The Clinical Laboratory Improvement Amendments (CLIA) of 1988 are United States federal regulatory standards that apply to all clinical laboratory testing performed on humans in the United States, except clinical trials and basic research.

CLIA Program
In accord with the CLIA, the CLIA Program sets standards and issues certificates for clinical laboratory testing. CLIA defines a clinical laboratory as any facility which performs laboratory testing on specimens derived from humans for the purpose of providing information for:
 diagnosis, prevention, or treatment of disease or impairment
 health assessments
An objective of the CLIA is to ensure the accuracy, reliability and timeliness of test results regardless of where the test was performed. Most Laboratory Developed Tests have been regulated under this program. In 2014 the FDA started a public discussion about regulating some LDTs.

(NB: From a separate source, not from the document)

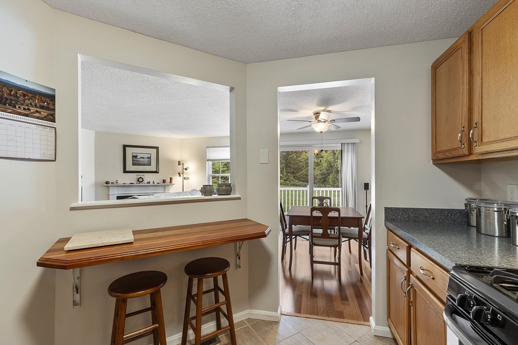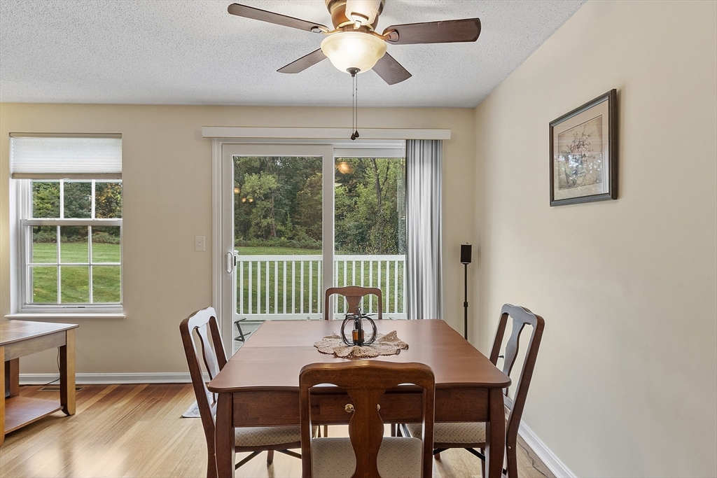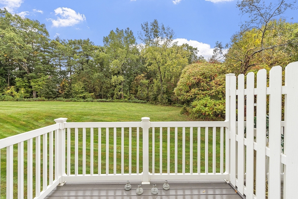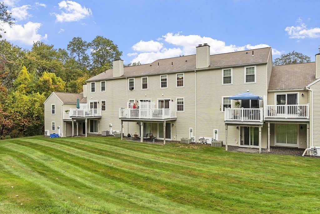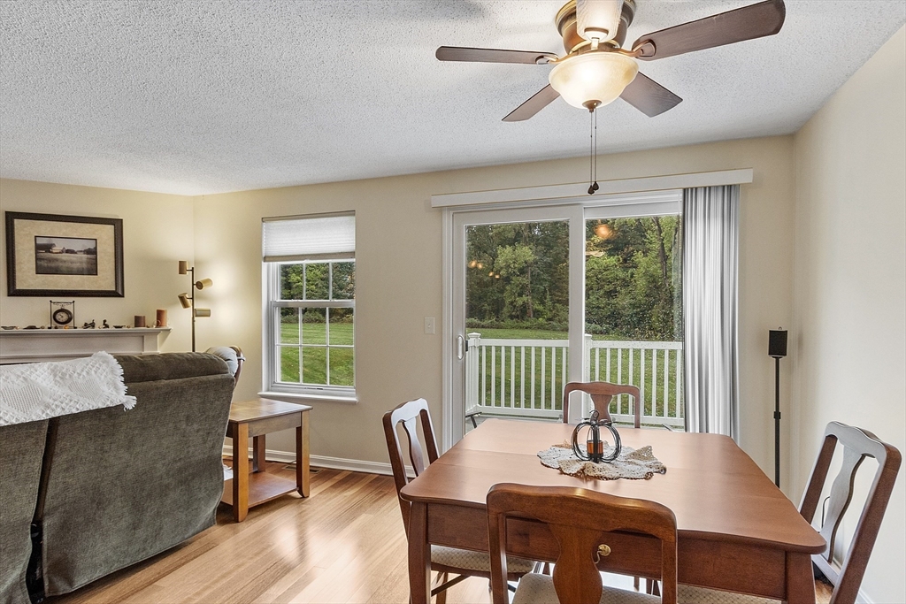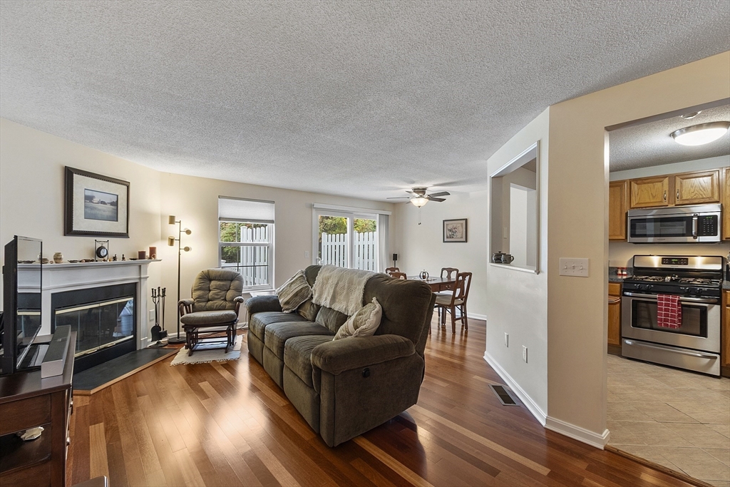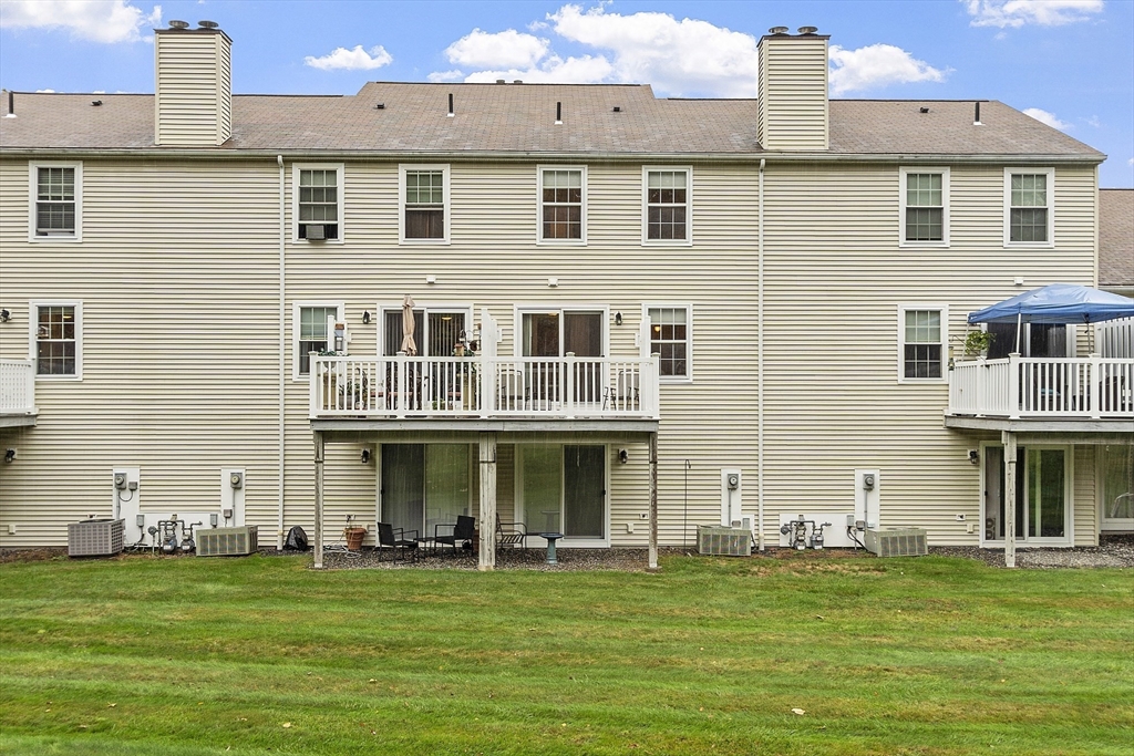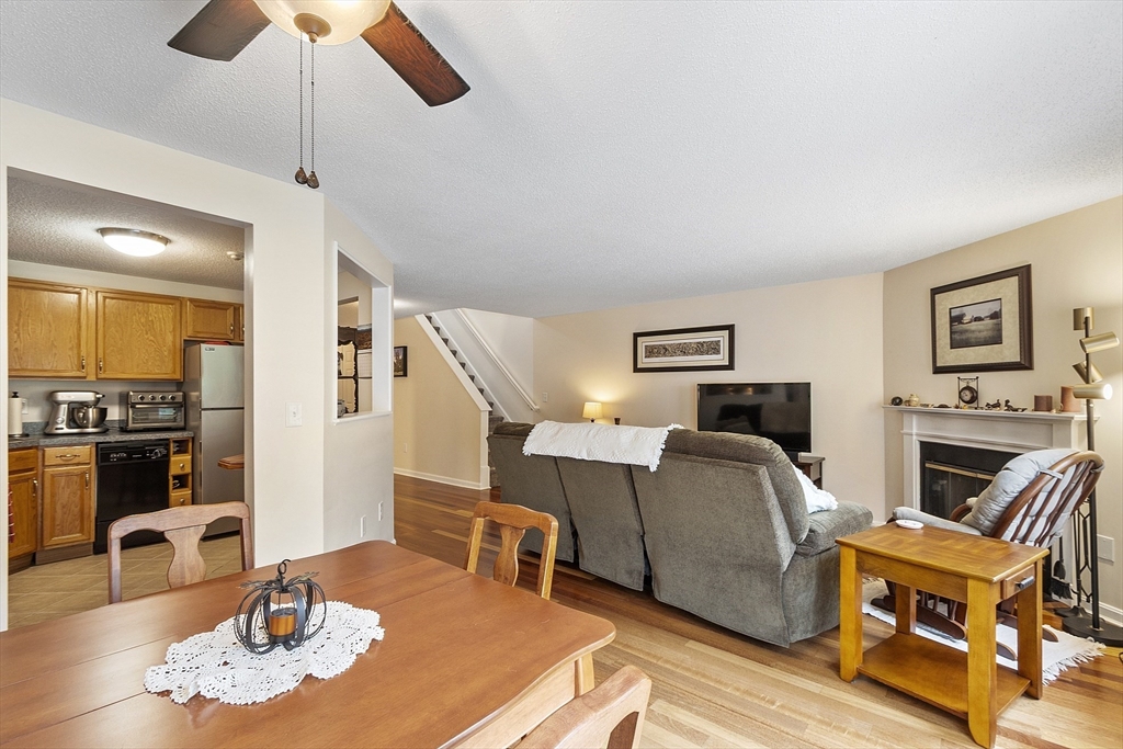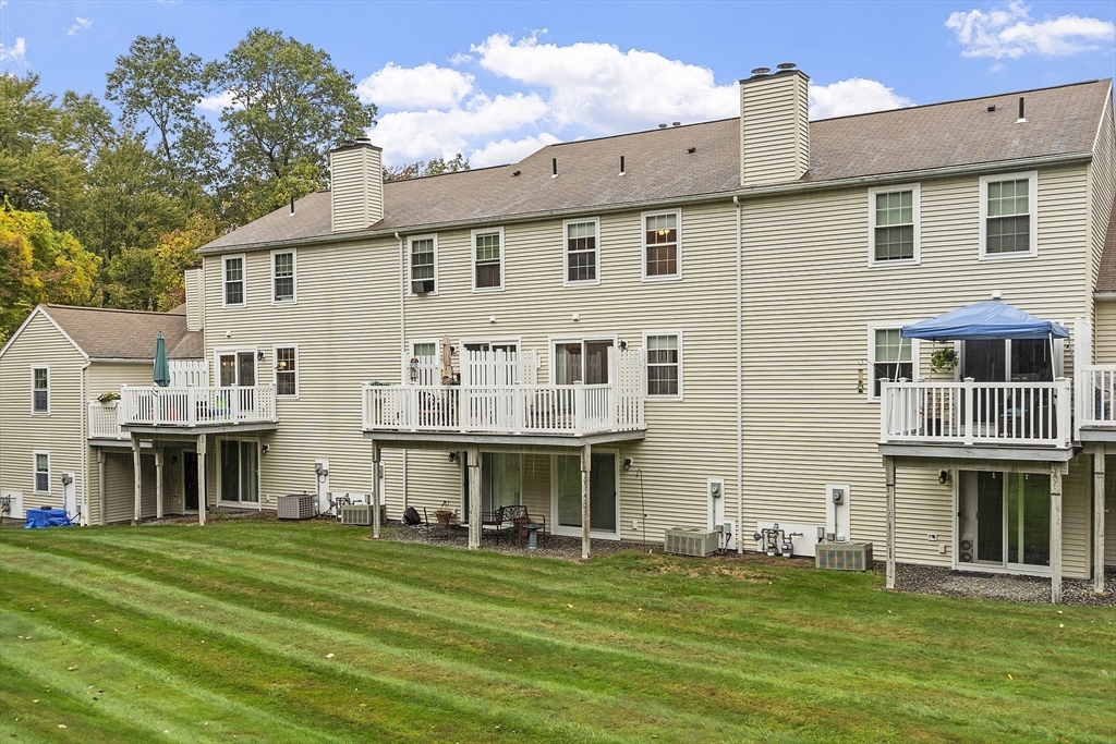 Welcome home to this beautifully maintained townhouse in the desirable Chapman Place community! The main level of this 2 bed 1.5 bath home features an inviting open concept living and dining area with gleaming hardwood floors and a cozy fireplace- perfect for relaxing or entertaining. Enjoy your private deck with beautiful views of the manicured landscaping and forest with continuous wildlife. The kitchen has tile flooring, modern appliances, and ample cabinet space. Upstairs offers two generous bedrooms, including primary with walk in closet and adjoining bath with double vanity and soaking tub. The partially finished lower level provides a versatile bonus space for a family room, office, or gym with walk out. Basement also includes ample storage space and in-unit laundry. An attached one-car garage adds year round comfort. Located just minutes from shopping, restaurants and main commuter routes (Rts 2 & 190) this is the perfect blend of comfort and convenience.

Per CLIA, each specific laboratory system, assay, examination is graded for level of complexity by assigning scores of 1, 2, or 3 for each of the following seven criteria. A score of 1 is the lowest level of complexity, and a score of 3 indicates the highest level. Score 2 is assigned when the characteristics for a particular test are intermediate between the descriptions listed for scores of 1 and 3.

Criteria for categorization:
 Knowledge
 Training and experience
 Reagents and materials preparation
 Characteristics of operational steps
 Calibration, quality control, and proficiency testing materials
 Test system troubleshooting and equipment maintenance
 Interpretation and judgment
Centers for Medicare and Medicaid Services (CMS) has the primary responsibility for the operation of the CLIA Program. Within CMS, the program is implemented by the Center for Medicaid and State Operations, Survey and Certification Group, and the Division of Laboratory Services.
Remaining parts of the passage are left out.